RSPCA centre manager Paul Hagen gives you tips on how to keep your pet safe and cool. Allan Reinikka

Over-heated animals get critical, fast

DURING the stifling hot Rockhampton summers most of us seek refuge in air-conditioning or at the pool, but what about our furry friends?

While people are busy at work pets are often left alone in the heat, so it's important to make sure their going to be healthy when you get home.

Rockhampton RSPCA Adoption Centre Manager Paul Hagen said preparation is key when it comes to keeping your pet cool in the summer months.

"Providing plenty of water, absolutely that is one of the most critical things is to have heaps of fresh water as the dogs and cats will dehydrate pretty quickly,” Paul said.

"Definitely no keeping dogs and cats in locked cars or locked areas.

"Ice into the water and iced treats as food can help cool down your furry feline or furry canine.

"You want to also make sure there's heaps of shade and shelter and just keep them out of the mid-day sun.

"Just be responsible.”

It's important to know the signs your pet shows when they're dehydrated because there's not much time to act before the situation gets critical.

"Normally there will be increased panting, salivation,” Paul said.

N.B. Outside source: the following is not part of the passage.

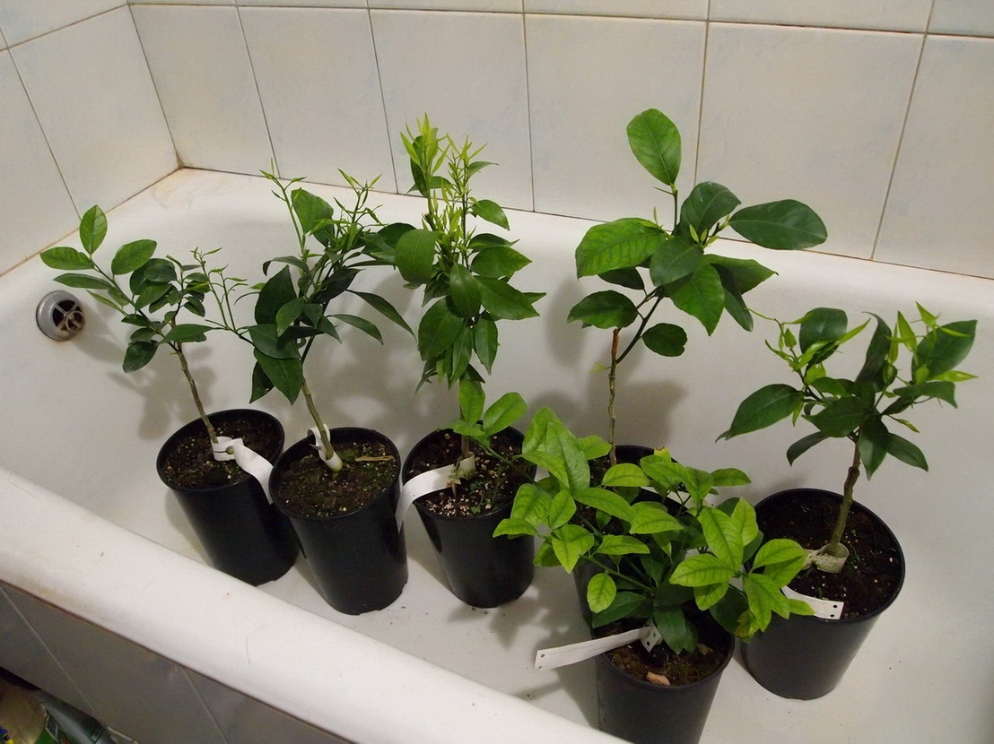 В общих чертах о заказе. Чех как и в прошлый раз все приготовил заранее, наш человек только загрузил и сверил со списком наименования и количество. Чинотто приехали обычные, хотя в заказе должны были быть вариегатные. Азимина не маркирована буквами "V", "S" и "M", поэтому пришлось выбирать по росту. На некоторых растениях был замечен клещ, поэтому предварительный карантин с обработкой от клеща просто необходим. На некоторых бирках с трудом разобрал что там написано, на некоторых вообще от руки написано (в часности Myrtifolia).

"The trouble is when they're over heated and getting dehydrated there's not much time frame between them showing signs and death, so it's important you get onto it very quickly.

"Heaps of wet towels, pour water on them and just try and get their temperature down and call your vet as soon as possible.”

Paul said small pets need extra care during the hot months too to make sure they keep their temperature down and get enough water.

"If you have a bird bath, birds love to have a swim around and get their feathers wet,” Paul said.

"With guinea pigs and rats, you can put ice in the water they drink.

"You can also wet their pellet food to make sure when they're eating they get some extra water.”

Summer time is also storm season which can bring stress and anxiety for pets, but a bit of forethought can help your pet feel safe and secure.

"We'd like to see all cats inside anyway,” Paul said.

"Especially with dogs if there's a storm predicted and you know you're going to be at work, you might want to duck off at lunch time and put them inside especially if you know they suffer anxiety.

"If it looks like a big storm coming put your cat and dog inside.”